Torino, doppio allarme bomba: uno è ordigno, l'altro tubo bambù

Torino, 4 dic. (LaPresse) - Momenti di paura a Torino nel pomeriggio tardo per un doppio allarme bomba, di cui uno rivelatosi poi falso. In un primo pacco sospetto, trovato nel qaurtiere San salvario, costituito da una busta con dei fili che fuoriescono, rinvenuto in via Nizza 20, all'incrocio con corso Marconi,c 'era un vero ordigno. Sul posto intervenuti i vigili del fuoco e gli uomini della questura con gli artificieri. La zona è stata transennata.

L'ordigno, trovato ai piedi dell'obelisco, accanto alla fermata della metro, é lungo 70 centimetri e largo 20. Gli artificieri dovranno datarlo, ma secondo le prime informazioni potrebbe trattarsi di una bomba di fabbricazione successiva alla seconda guerra mondiale e quindi non un residuato bellico. Possibile che sia un ordigno artigianale. Gli artificieri lo analizzeranno e verificheranno la presenza di esplosivo all'interno.

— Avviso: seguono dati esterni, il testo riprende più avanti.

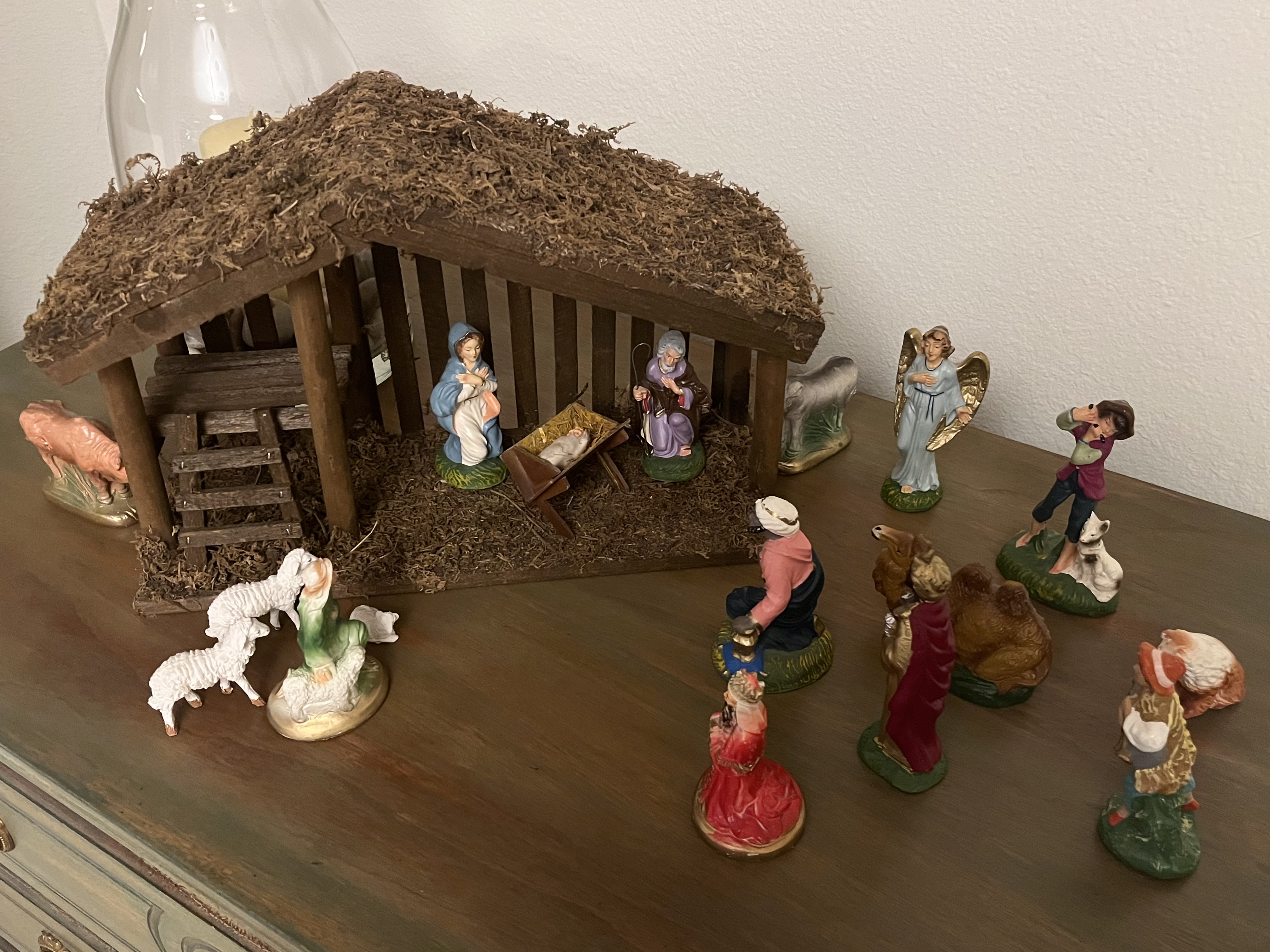 The decorating process unleashed memories from years back, memories of family events, memories of friends. The nativity set I grew up seeing at my grandparent’s house now lives at mine. Unwrapping each piece stirs memories from my childhood, when its home was a corner table in their living room. I treasure the story of how the set was acquired. First the stable with the holy family, then, as finances allowed, they added to the collection. The pieces don’t match, but they warm my heart as it’s part of my history. Several years back, my husband purchased a new stable for the set. It was our way of putting our own touch on this set.

Un secondo pacco sospetto, che assomiglia a una bomba rudimentale, tipo candelotto, è stato trovato, sempre a Torino, in via Silvio Pellico 22, poco distante dal primo. Il candelotto è stato trovato sotto la pedana del dehors della Caffetteria Vecchio Borgo in via Silvio Pellico 22, di fronte all'ospedale Valdese. Si tratta di un cilindro fatto di bambù e ricoperto di scotch con un biglietto con scritte in ebraico antico .Non poteva esplodere, hanno confermato gli artificieri che l'hanno rimosso. Il titolare del bar ha chiamato i militari intorno alle 16. Aveva chiamato degli operai per smontare il dehor, dopo otto mesi da quando era stato montato. Quando si è accorto del sospetto ordigno, il commerciante ha chiamato il 112.

Intorno alle 21 e 20 stasera è stato riaperto al traffico a Torino largo Marconi, dove gli artificieri del genio guastatori hanno rimosso la bomba trovata intorno alle 18. Anche la fermata Marconi della metro, che era stata chiusa, è tornata poi agevole.